Monday

January 1973: CARLY SIMON - You're So Vain


Mom needed to find a place for me to go before and after school, so she got me hooked up with some of the other mother’s in the apartment complex. This was basically how I made my first new pals, and it wasn’t optimal conditions because it was borne of car pooling to school during bad weather and babysitting, rather than genuine friendship.

I genuinely loved the sound and feel of “You’re So Vain;” it had both a tense and languid tone and the chorus was undeniably great to sing along to... if you could carry a tune.

During the school day, it had begun to snow, getting heavier as the day went on. When school let out, the mother of an apartment kid was standing at the entrance to gather us all up and drive us back home, because the weather was too bad for all of us to be walking.

I saw all the kids piling into this little Chevy Vega, and decided I’d rather walk home in the snow, but the mother made me get in. So now, we’re all packed in tight, with the heater blasting and the windows fogging, while we sat forever in the parking lot, waiting for the buses to clear out so we could move.

And in this physically uncomfortable situation, “You’re So Vain” comes over the car radio, and the mother starts singing along during the chorus, because – really - how can you resist?
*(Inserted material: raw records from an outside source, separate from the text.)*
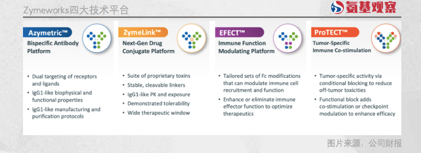 另外,Zymeworks还拥有PROTECT(能在减少全身毒性的同时提高疗效)、EFFECT(主要作用是定制和优化免疫反应)技术平台。
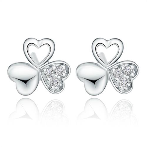 【I.Dear Jewelry】正白K-愛心三葉草-幸運草造型愛心鑲鑽銀色耳針耳環(現貨)
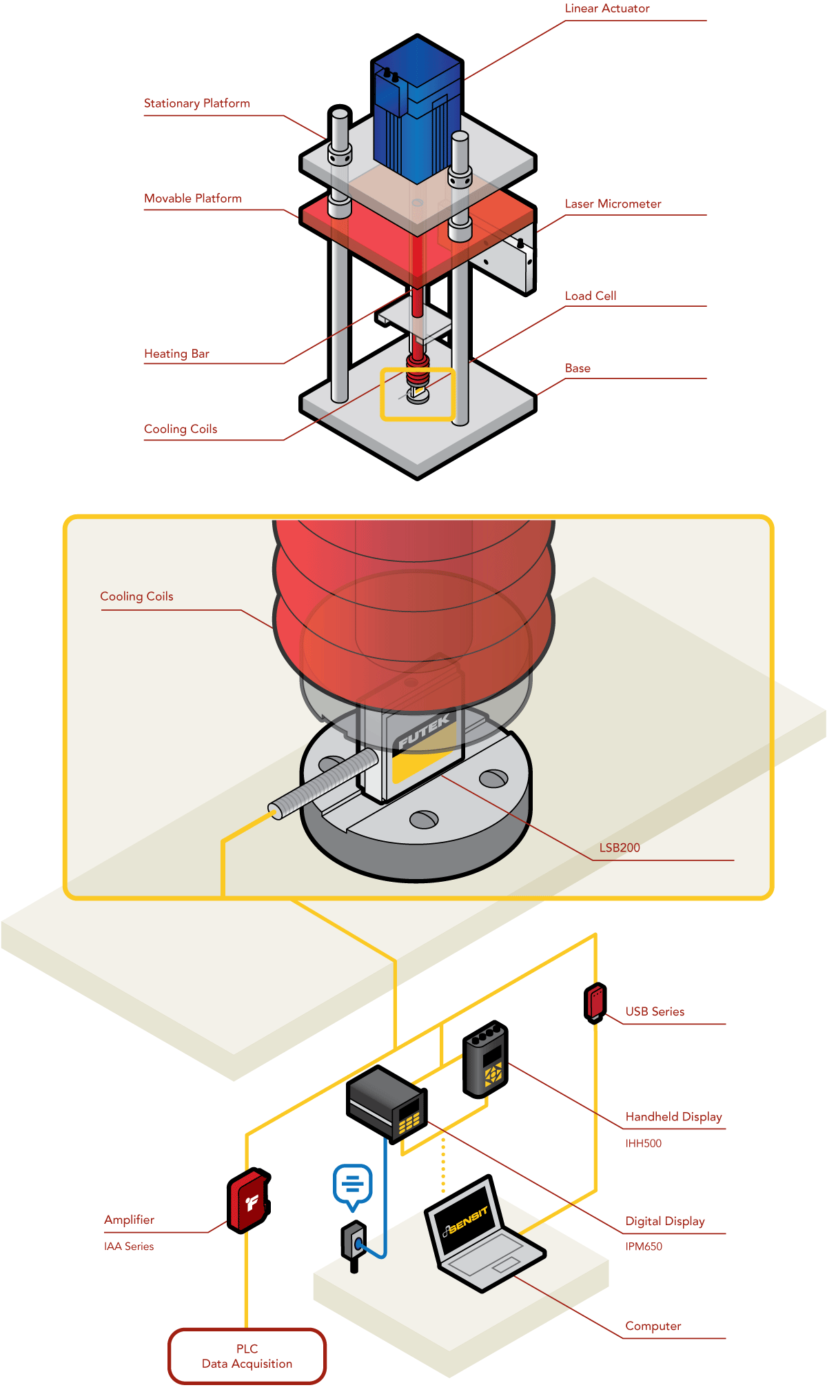 2、AG平台 LSB200微型S型传感器安装在测力台架的底部,正对着加热棒和冷却盘管下方。LSB200传感器特殊的设计,使得传感器在台架加热和冷却降温的过程中,测试结果不受影响。
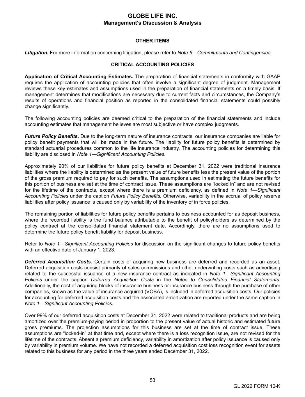 OTHER ITEMS Litigation. For more information concerning litigation, please refer to Note 6—Commitments and Contingencies. CRITICAL ACCOUNTING POLICIES Application of Critical Accounting Estimates. The preparation of financial statements in conformity with GAAP requires the application of accounting policies that often involve a significant degree of judgment. Management reviews these key estimates and assumptions used in the preparation of financial statements on a timely basis. If management determines that modifications are necessary due to current facts and circumstances, the Company’s results of operations and financial position as reported in the consolidated financial statements could possibly change significantly. The following accounting policies are deemed critical to the preparation of the financial statements and include accounting estimates that management believes are most subjective or have complex judgments. Future Policy Benefits. Due to the long-term nature of insurance contracts, our insurance companies are liable for policy benefit payments that will be made in the future. The liability for future policy benefits is determined by standard actuarial procedures common to the life insurance industry. The accounting policies for determining this liability are disclosed in Note 1—Significant Accounting Policies. Approximately 90% of our liabilities for future policy benefits at December 31, 2022 were traditional insurance liabilities where the liability is determined as the present value of future benefits less the present value of the portion of the gross premium required to pay for such benefits. The assumptions used in estimating the future benefits for this portion of business are set at the time of contract issue. These assumptions are “locked in” and are not revised for the lifetime of the contracts, except where there is a premium deficiency, as defined in Note 1—Significant Accounting Policies under the caption Future Policy Benefits. Otherwise, variability in the accrual of policy reserve liabilities after policy issuance is caused only by variability of the inventory of in force policies. The remaining portion of liabilities for future policy benefits pertains to business accounted for as deposit business, where the recorded liability is the fund balance attributable to the benefit of policyholders as determined by the policy contract at the consolidated financial statement date. Accordingly, there are no assumptions used to determine the future policy benefit liability for deposit business. Refer to Note 1—Significant Accounting Policies for discussion on the significant changes to future policy benefits with an effective date of January 1, 2023. Deferred Acquisition Costs. Certain costs of acquiring new business are deferred and recorded as an asset. Deferred acquisition costs consist primarily of sales commissions and other underwriting costs such as advertising related to the successful issuance of a new insurance contract as indicated in Note 1—Significant Accounting Policies under the caption Deferred Acquisition Costs in the Notes to Consolidated Financial Statements. Additionally, the cost of acquiring blocks of insurance business or insurance business through the purchase of other companies, known as the value of insurance acquired (VOBA), is included in deferred acquisition costs. Our policies for accounting for deferred acquisition costs and the associated amortization are reported under the same caption in Note 1—Significant Accounting Policies. Over 99% of our deferred acquisition costs at December 31, 2022 were related to traditional products and are being amortized over the premium-paying period in proportion to the present value of actual historic and estimated future gross premiums. The projection assumptions for this business are set at the time of contract issue. These assumptions are “locked-in” at that time and, except where there is a loss recognition issue, are not revised for the lifetime of the contracts. Absent a premium deficiency, variability in amortization after policy issuance is caused only by variability in premium volume. We have not recorded a deferred acquisition cost loss recognition event for assets related to this business for any period in the three years ended December 31, 2022. GLOBE LIFE INC. Management's Discussion & Analysis 53 GL 2022 FORM 10-K
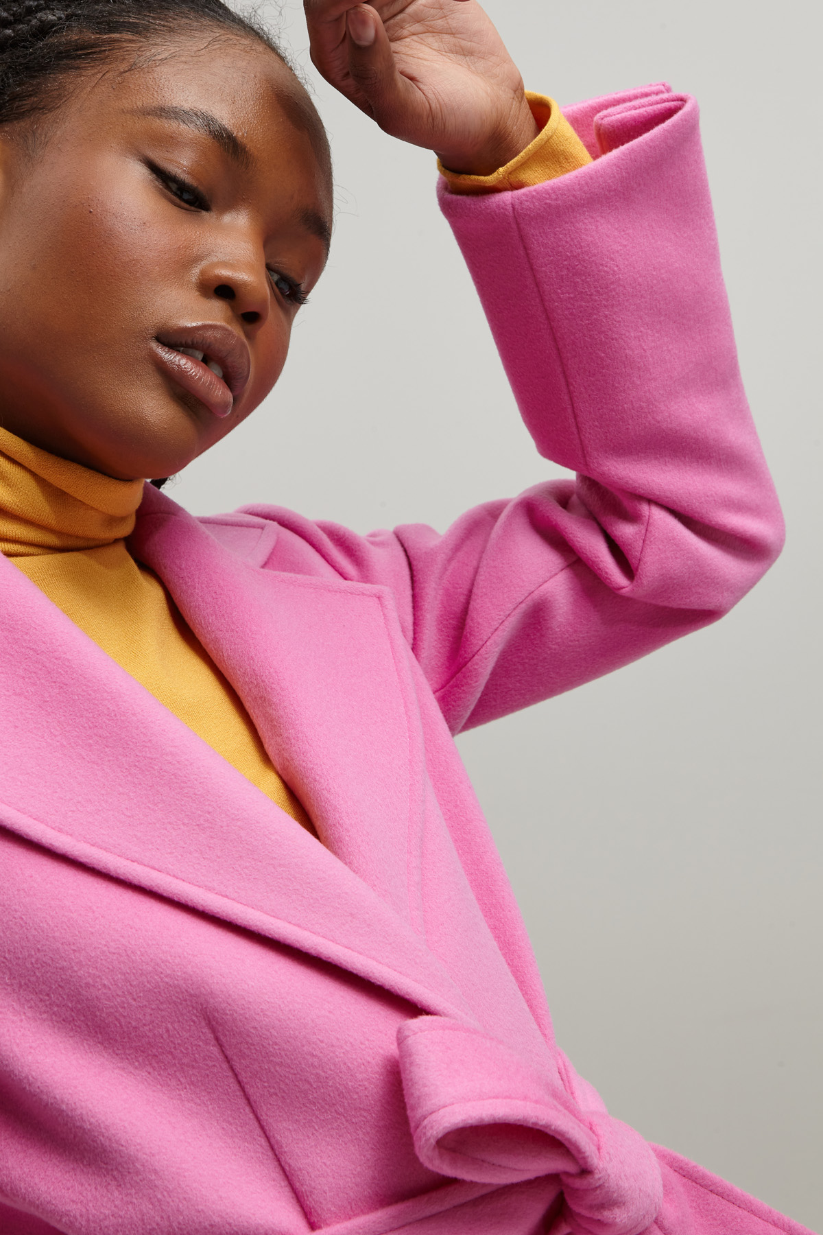 Cappotto dalla linea dritta realizzato in doppio drap di pura lana, con collo a rever, maniche lunghe con spacchetto al fondo, tasche applicate e spacco nel retro. Allacciatura tramite cintura coordinata. Capo foderato.
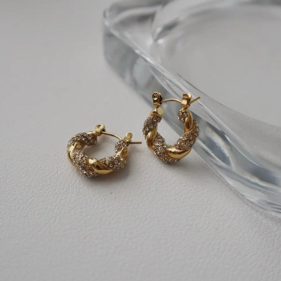 Small twisted hoop earrings symbolize elegance and flow, representing the twists and turns of lifes journey. Their delicate design adds a touch of timeless charm, making them a versatile accessory that embodies balance, resilience, and effortless style.
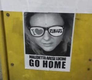 Uber-Milano-volantino“Cara responsabile di Uber” – inutile ripeterne qui nome e cognome ed amplificare così il messaggio di violenza –, dicono i manifestini, “go home”, ovvero tornatene a casa, casa che, per inciso, nel caso in questione, è proprio il nostro Paese. E poi una manciata di caratteri in sovraimpressione sulle lenti degli occhiali che compaiono nella foto della donna, più esplicativa di mille parole: “I love rubare”.
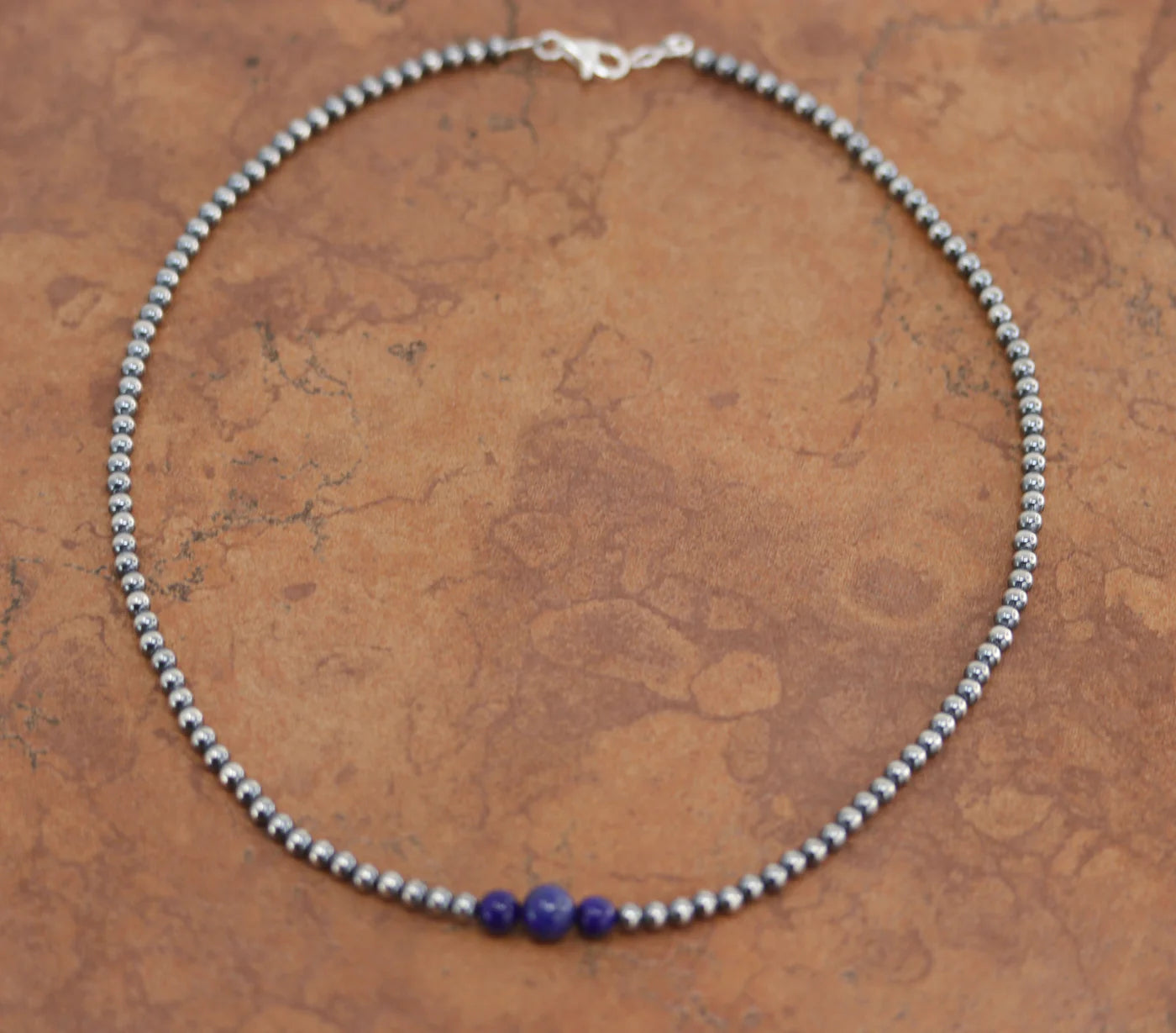 Sterling Silver Desert Pearl 20" 4mm Beaded Lapis Necklace
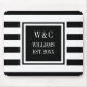 Elegante personalisierte Initialen Monogramm-Mauspad mit einem schwarz-weiß gestreiften Muster mit Ihren Initialen und Familiennamen mit Ihrem etablierten Date Set in einem schwarz-borderten Quadrat mit einem klassischen weißen Text. Entwickelt von Thisisnotme©
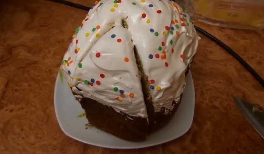 - За 25 мин. до завершения программы смазываем верхушку кулича глазурью, чтобы она успела подсохнуть. Для приготовления глазури нужно взбить белок 1 яйца с сахарной пудрой.
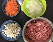![]() 玉ねぎ、人参、エリンギをみじん切りにする。
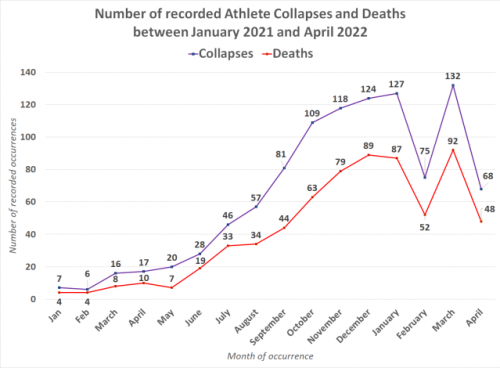 Naslednji grafikon prikazuje število zabeleženih kolapsov in smrti športnikov med januarjem 2021 in aprilom 2022, z dovoljenjem zgornjega povezanega seznama –
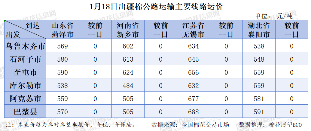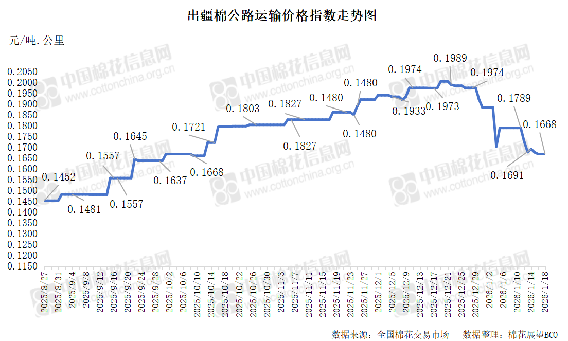 中国棉花信息网专讯 2026年1月18日,出疆棉公路运输价格指数为0.1668元/吨·公里,环比持平。今日,运输需求与运力资源同步减少,指数无变化。预计短期内,运价指数或将呈现整体相对平稳态势。
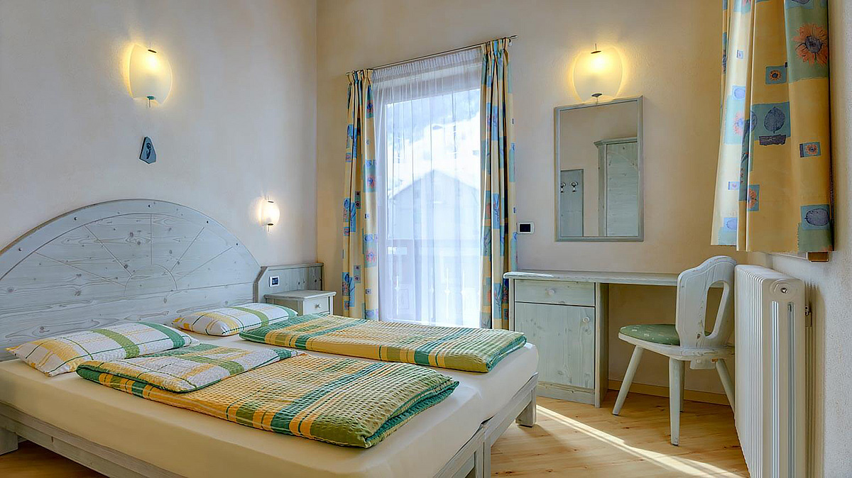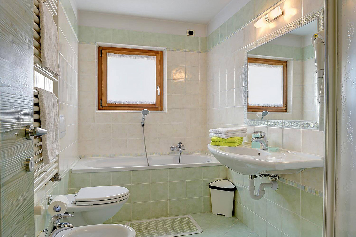 1 ložnice s manželskou postelí, 1 ložnice se 2 samostatnými lůžky, obývací pokoj s kuchyňským koutem a rozkládacím gaučem pro 2 osoby, sociální zařízení se sprchou a vanou; apartmán v přízemí
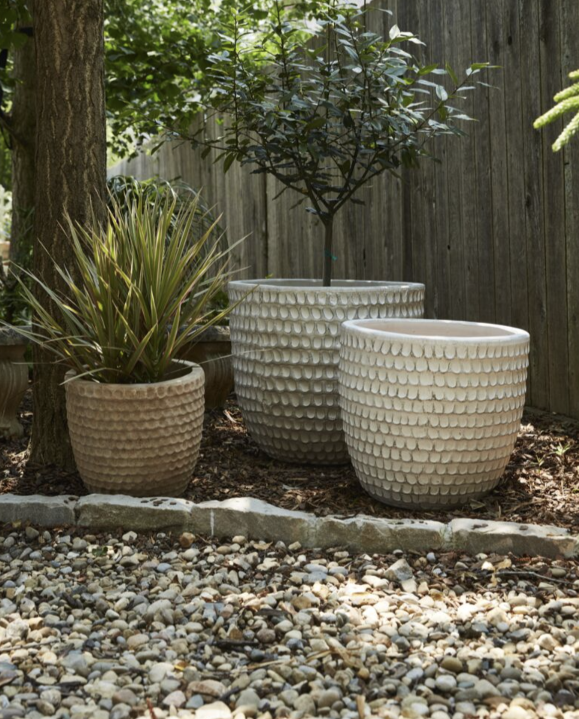 The classic Nelly Pot comes in two sizes of terracotta with a textured finish, offering a drainage hole and ideal for outdoor use.
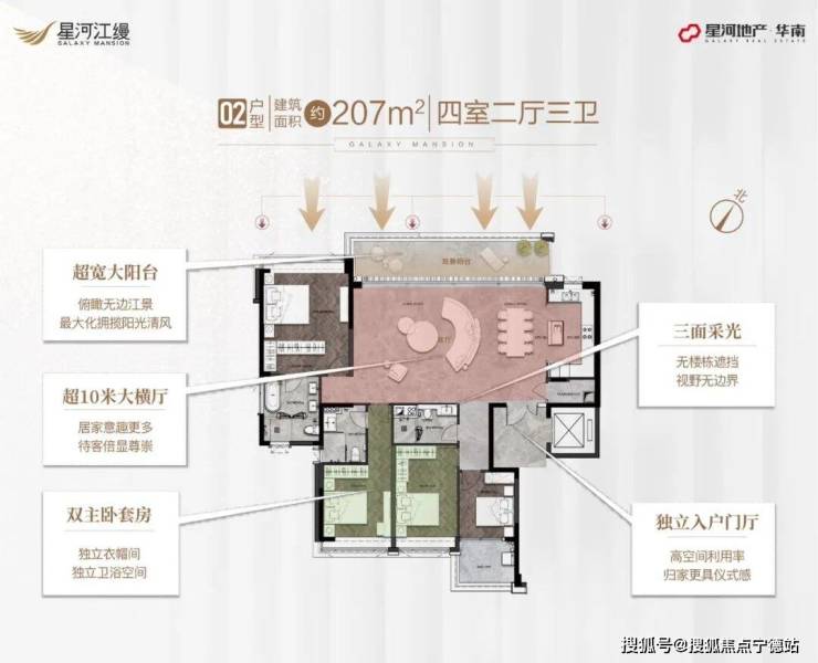 ②、出售面积:207平米4房3卫2厅,总价1088万起
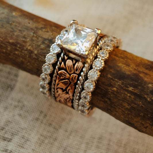 3pc Rose Gold Flower Square Diamond Western Promise Rings
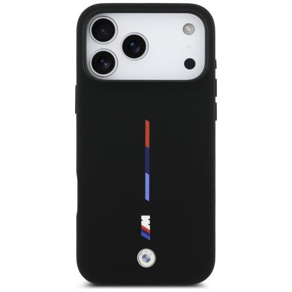 Carcasa BMW M Silicon Tricolor Line cu MagSafe compatibila cu iPhone 17 Pro Max, Negru
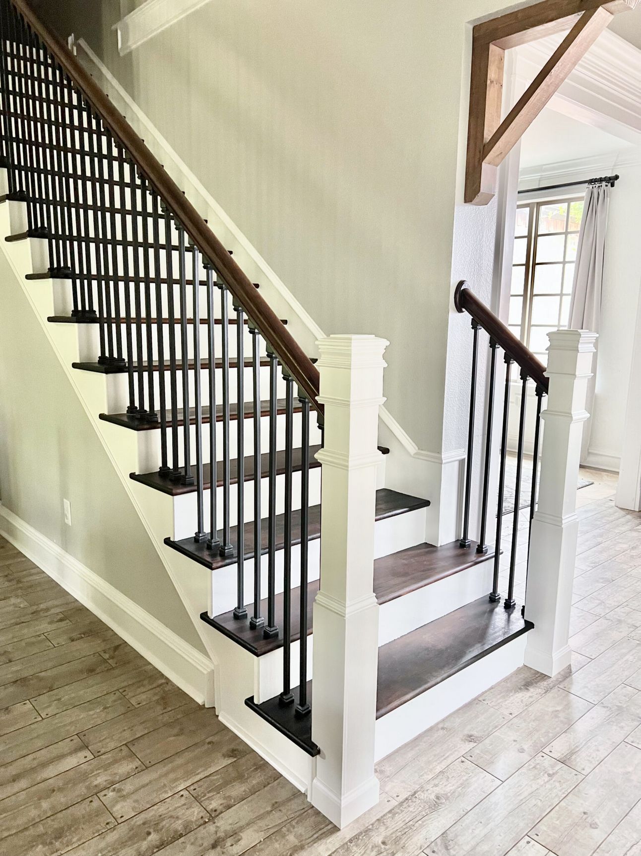 My goal was to update my 15 year old staircase on a budget and by myself. Come check out my DIY Staircase Remodel with a full tutorial and lots of pictures!
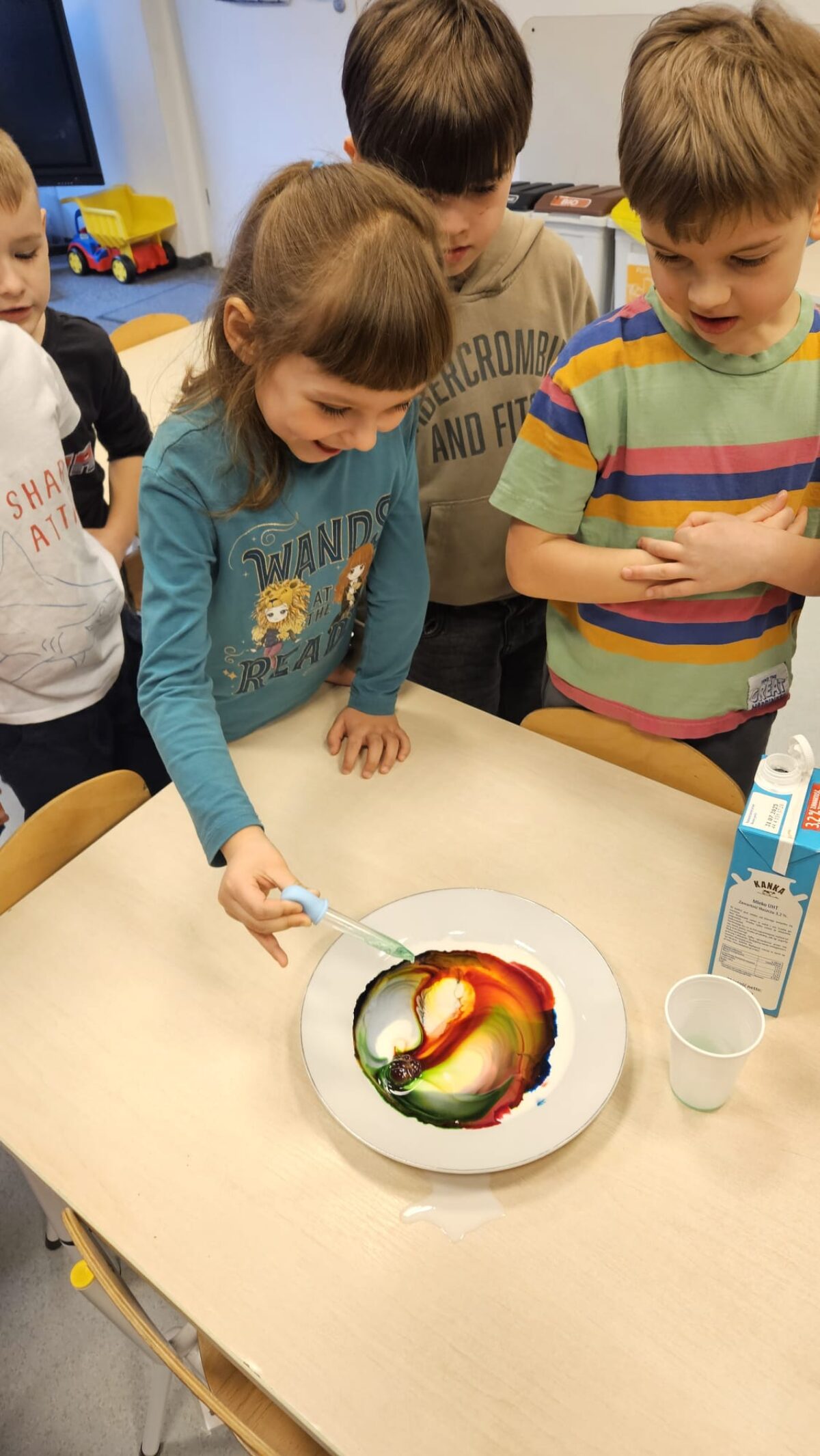 Wiewiórkowe eksperymenty📎🧲🧪 sprawdzamy jak można wyjąć spinacze z wody bez moczenia rąk oraz tworzymy tęczę i mieszamy kolory🌈

Problem was, this lady gave “off key” a new meaning; I swear nearby dogs were howling.

After what seemed forever, the mother’s own kid finally yelled out, “Mommy, stop singing!” To which Mommy halts the yowling only long enough to say, “But I love this song!” and quickly jumps back in just in time to bray “Don’t you? Don’t you? Don’t you now!”

For the next year or so, just the sound of Carly Simon’s voice made me wince because it instantly conjured this horrific moment.

"You're So Vain" by Carly Simon.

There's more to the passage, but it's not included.